Dependencies to: FDP_REM_EXT.1 Removal of Redacted Data
FDP_RPL_EXT.1.1
The TOE must replace the visible space of redacted content in such a way that the visible space
conveys no information about the previous contents.
C.2.2.9 FDP_SEL_EXT Selected Redaction
Family Behavior
Components in this family define requirements for the presentation of redacted data.
Component Leveling
FDP_SEL_EXT.1,
Selected Redaction,
requires the TSF to redact data from complex objects in a specified manner.
Management: FDP_SEL_EXT.1
There are no management activities foreseen.
Audit: FDP_SEL_EXT.1
There are no auditable events foreseen.
FDP_SEL_EXT.1 Selected Redaction
Hierarchical to: No other components.
Dependencies to: FDP_REM_EXT.1 Removal of Redacted Data
FDP_SEL_EXT.1.1
The TOE must [selection: simplify, remove]
any complex object, embedded object, or graphic
image that is selected for redaction.
C.2.2.10 FDP_VAL_EXT Validation of Data
Family Behavior
Components in this family define requirements for validating data as part of its consideration for redaction.
Component Leveling
FDP_VAL_EXT.1,
Validation of Data,
requires the TOE to remove unexpected or other file data that cannot be validated.
Management: FDP_VAL_EXT.1
There are no management activities foreseen.
Audit: FDP_VAL_EXT.1
There are no auditable events foreseen.
FDP_VAL_EXT.1 Validation of Data
Hierarchical to: No other components.
Dependencies to: FDP_REM_EXT.1 Removal of Redacted Data
FDP_VAL_EXT.1.1
The TOE must remove unrecognized data, unexpected data, and extraneous structural data.
FDP_VAL_EXT.1.2
The TOE must [selection: simplify, remove] any element which it cannot completely interpret.

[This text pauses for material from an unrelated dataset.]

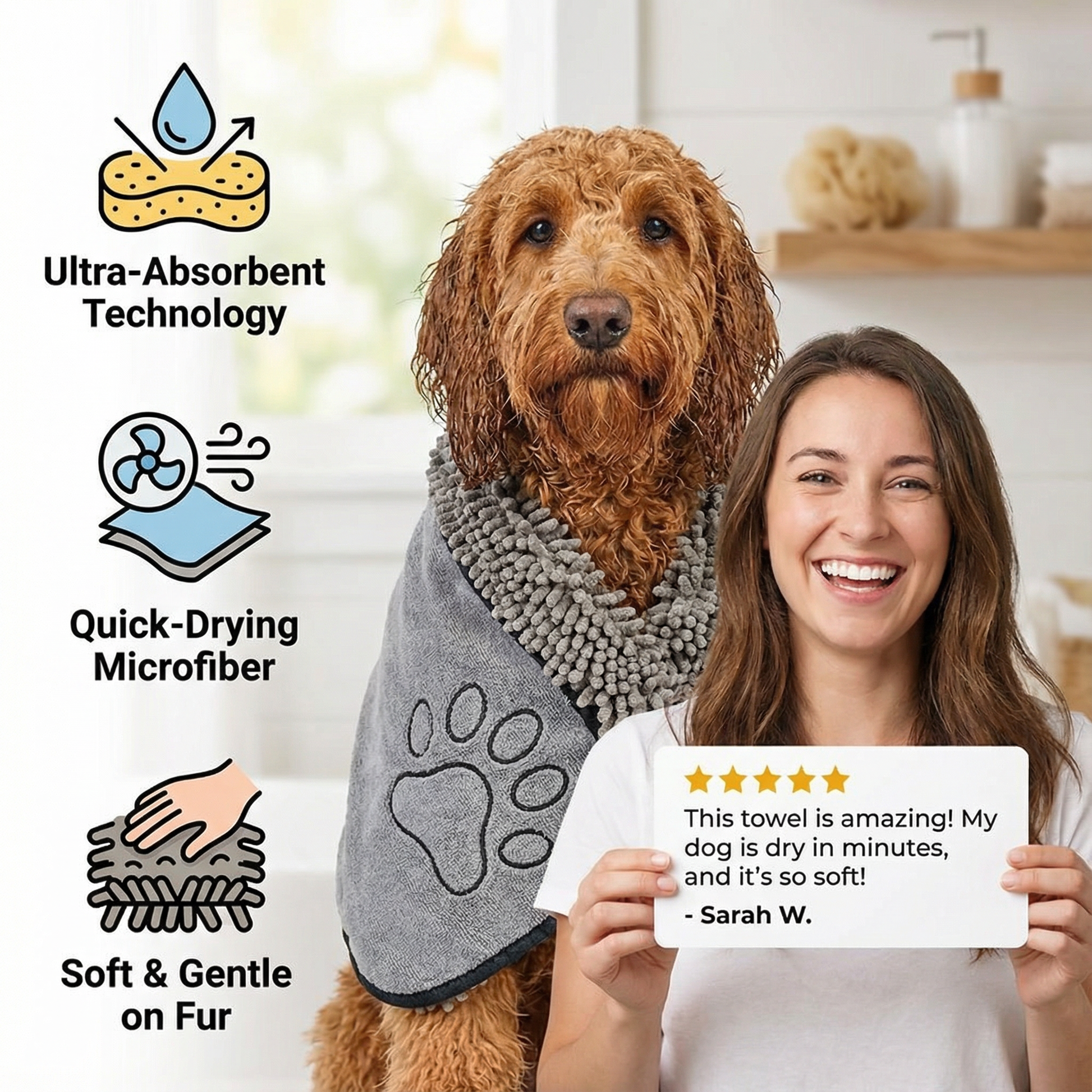 Bath time and rainy walks often turn into wet floors, soaked towels, and stressed pets. Regular towels don’t absorb enough water, take too long to work, and still leave your pet damp and uncomfortable.

C.2.3 Security Management (FMT)
This Module defines the following extended components as part of the
FMT class originally defined by CC Part 2:
C.2.3.1 FMT_RVW_EXT Element Review
Family Behavior
Components in this family define functionality for selecting data elements that can be redacted from a document.
Component Leveling
FMT_RVW_EXT.1,
Element Review,
requires the TSF to present a user interface that can be used to select data elements for redaction.
Management: FMT_RVW_EXT.1
The following actions could be considered for the management functions in FMT:
Selection of data elements to be redacted
Audit: FMT_RVW_EXT.1
There are no auditable events foreseen.
FMT_RVW_EXT.1 Element Review
Hierarchical to: No other components.
Dependencies to: No dependencies.
FMT_RVW_EXT.1.1
The TSF shall identify the visible data elements that the user can select in whole or in part for redaction.